On Monday, the weather guessers said it would be in the 70s all week as I got ready to go to Eufaula for a week. I hope they were right, the Potato Creek Bassmasters are fishing our March tournament this weekend at Eufaula.I think I kinda wish we were at Sinclair!

Coronavirus and Fishing

Fishing in the Time of Coronavirus
No, this is not the Death Star, but some say it could be a very large problem for many of us considering its tiny size.

By Frank Sargeant, Editor
from The Fishing Wire

As this is written, the world is undergoing a level of mobilization unseen since World War II. Some of it may be over-reaction, but there’s no doubt that this is a real, no-kidding worldwide crisis that’s going to affect us all for months to come.
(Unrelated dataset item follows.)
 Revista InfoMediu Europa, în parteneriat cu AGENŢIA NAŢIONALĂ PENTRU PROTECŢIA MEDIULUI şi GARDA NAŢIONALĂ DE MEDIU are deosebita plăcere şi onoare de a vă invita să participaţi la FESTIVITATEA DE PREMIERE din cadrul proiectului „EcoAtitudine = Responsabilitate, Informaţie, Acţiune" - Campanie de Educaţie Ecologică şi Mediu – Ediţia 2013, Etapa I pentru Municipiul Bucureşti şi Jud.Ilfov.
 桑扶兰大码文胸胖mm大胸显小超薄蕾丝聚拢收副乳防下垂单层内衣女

The enemy this time is not a mad dictator, but rather an invisible microbe—but one that apparently has the potential to be deadly to many of us. The human race seems to have almost no resistance to contracting it. In the U.S. alone, health authorities are estimating that over half of us might get it. While doubters are noting that not nearly as many have died from coronavirus as from other strains of flu, we are only in the first weeks of a curve that’s rapidly going upward.

And while the vast majority will recover quickly, just as with other strains of flu, some will not. The World Health Organization currently estimates a death rate of around 3 percent, while some other agencies have put the number as low as 1 percent. That does not sound like much until you look at the likelihood that, in the U.S., some 160 million of us are allegedly likely to get it according to federal health officials. One percent of 160,000,000 is 1.6 million. Three percent is 4.8 million.
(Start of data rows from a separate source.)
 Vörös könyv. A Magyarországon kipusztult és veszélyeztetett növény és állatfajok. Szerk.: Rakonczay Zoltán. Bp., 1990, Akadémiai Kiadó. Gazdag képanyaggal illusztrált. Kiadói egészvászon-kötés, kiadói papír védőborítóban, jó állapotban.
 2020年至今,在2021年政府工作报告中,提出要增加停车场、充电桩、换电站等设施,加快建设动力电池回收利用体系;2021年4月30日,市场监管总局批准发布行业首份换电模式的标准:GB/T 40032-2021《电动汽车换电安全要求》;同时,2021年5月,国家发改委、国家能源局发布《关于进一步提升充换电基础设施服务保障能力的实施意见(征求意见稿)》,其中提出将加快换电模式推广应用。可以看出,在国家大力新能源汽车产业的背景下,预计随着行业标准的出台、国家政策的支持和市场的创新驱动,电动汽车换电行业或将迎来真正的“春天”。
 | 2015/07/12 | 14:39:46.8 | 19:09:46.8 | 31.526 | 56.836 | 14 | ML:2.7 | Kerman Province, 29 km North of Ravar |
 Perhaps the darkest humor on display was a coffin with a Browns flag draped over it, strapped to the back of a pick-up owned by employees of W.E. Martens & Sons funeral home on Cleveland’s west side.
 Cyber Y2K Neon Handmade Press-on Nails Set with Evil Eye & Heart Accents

Among those over 60, the death rate has been around 10 percent, approaching 15 percent for those over 80. The average age of the U.S. Senate is 61.8, and of the House, 57.8. Donald Trump is 73, Nancy Pelosi 79. It’s safe to say we can expect Washington to go all in to stop this disease.
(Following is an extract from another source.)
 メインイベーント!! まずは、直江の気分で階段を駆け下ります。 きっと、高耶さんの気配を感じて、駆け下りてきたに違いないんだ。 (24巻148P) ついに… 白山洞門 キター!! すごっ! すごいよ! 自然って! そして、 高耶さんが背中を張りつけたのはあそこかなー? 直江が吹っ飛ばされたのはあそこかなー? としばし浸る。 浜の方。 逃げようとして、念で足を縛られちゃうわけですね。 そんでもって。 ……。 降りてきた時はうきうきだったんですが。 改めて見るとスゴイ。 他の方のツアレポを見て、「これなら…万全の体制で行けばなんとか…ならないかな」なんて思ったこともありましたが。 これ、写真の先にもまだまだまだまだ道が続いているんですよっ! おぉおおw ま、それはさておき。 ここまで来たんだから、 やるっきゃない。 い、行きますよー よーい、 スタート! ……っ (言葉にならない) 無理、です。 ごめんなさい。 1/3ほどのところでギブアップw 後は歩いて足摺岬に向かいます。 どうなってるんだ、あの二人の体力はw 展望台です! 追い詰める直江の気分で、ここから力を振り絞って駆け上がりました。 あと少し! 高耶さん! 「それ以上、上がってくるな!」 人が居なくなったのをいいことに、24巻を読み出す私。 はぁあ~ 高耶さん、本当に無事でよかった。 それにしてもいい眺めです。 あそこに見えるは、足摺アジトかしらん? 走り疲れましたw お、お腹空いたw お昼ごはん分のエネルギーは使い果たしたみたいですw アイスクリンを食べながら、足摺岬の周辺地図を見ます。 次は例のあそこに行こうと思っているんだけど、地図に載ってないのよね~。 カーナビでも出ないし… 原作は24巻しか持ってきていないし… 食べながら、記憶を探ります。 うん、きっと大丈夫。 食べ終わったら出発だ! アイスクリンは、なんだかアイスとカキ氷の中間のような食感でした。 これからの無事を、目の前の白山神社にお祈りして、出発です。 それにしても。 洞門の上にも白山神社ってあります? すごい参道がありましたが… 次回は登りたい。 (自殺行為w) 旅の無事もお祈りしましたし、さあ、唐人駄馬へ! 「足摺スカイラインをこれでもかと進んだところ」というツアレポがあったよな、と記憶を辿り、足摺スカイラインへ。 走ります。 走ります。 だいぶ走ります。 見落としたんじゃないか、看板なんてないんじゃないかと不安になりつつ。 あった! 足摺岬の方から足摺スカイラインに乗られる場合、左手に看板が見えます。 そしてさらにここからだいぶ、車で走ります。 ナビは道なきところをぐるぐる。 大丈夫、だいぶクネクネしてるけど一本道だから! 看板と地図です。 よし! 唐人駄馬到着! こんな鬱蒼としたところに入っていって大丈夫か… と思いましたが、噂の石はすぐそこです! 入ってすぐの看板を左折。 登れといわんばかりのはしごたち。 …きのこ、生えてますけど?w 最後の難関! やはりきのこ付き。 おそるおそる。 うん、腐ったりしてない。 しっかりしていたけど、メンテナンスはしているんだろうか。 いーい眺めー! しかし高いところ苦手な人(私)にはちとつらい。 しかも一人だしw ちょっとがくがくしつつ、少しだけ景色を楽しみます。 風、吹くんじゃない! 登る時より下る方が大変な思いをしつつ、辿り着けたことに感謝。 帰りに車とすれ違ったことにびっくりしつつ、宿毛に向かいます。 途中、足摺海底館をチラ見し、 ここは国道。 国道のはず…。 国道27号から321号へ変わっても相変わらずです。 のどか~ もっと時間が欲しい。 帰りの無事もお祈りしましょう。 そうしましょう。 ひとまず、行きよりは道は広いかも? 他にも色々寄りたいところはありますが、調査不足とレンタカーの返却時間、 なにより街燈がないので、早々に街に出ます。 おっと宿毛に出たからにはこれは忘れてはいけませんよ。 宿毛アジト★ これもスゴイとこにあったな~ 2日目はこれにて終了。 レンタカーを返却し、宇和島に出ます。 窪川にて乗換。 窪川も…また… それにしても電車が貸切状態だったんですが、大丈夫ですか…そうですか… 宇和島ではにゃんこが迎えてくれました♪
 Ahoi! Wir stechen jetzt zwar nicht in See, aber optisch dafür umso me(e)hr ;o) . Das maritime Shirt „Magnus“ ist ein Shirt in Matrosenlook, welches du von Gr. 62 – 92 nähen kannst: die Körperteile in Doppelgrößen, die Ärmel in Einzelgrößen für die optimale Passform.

But at this point there seems to be no stopping it, only alleviating the impacts. There are many folks out there who have it and don’t know it according to the CDC—the symptoms can be very minor for many, but they are still contagious.I’m not a doctor, and don’t play one on TV. But what the doctors—including my own son–are telling us is that the goal is to lower the rate of spread, which will mean that those who do get a serious infection will have a bed in the intensive care unit and a ventilator available if needed. A rapid spread, on the other hand, could make things difficult for all. Hospitals could be overwhelmed, as they apparently have been this week in Italy.

The fishing industry is doing the right thing. Over the past week I’ve had literally dozens of event cancellations come in to the Fishing Wire for posting, including some from nearly every state, and ranging in size from small regional game and fish meetings to massive boat shows that would normally generate millions of dollars for the industry. My friends in the guide business say business has fallen off a cliff.

While we’re all hoping this will subside in a couple of months and business will return to normal, if it does not, jobs at all levels will be affected, as well as the businesses that provide those jobs. Supply issues from China may also become huge if the current reduction in cases there proves short-lived—most tackle, lures and accessories used worldwide are made in China. To say nothing of our 401-K’s—don’t remind me.

In the meantime—one of the best things we can probably do is go fishing. Angling is a sport of low human density, lots of fresh air and plenty of sunshine, all of which give us the best shot at staying healthy. The same might be true for spring turkey hunting, hiking or camping. Getting outdoors also helps us reduce stress, something most of us can use right now.

Of course, for those at highest risk, the best advice is simply to stay home, period.It’s going to be a rocky few months, any way we slice it. Many of the conveniences and daily routines all of us expect as Americans may temporarily go by the wayside. (Like toilet paper on the Walmart shelf . . . .!)

But we’ll get through it. And we’ll come out the other side much better prepared to deal with the next of these bugs, highly likely somewhere on the horizon in this age of global travel and commerce, but hopefully many years in the future.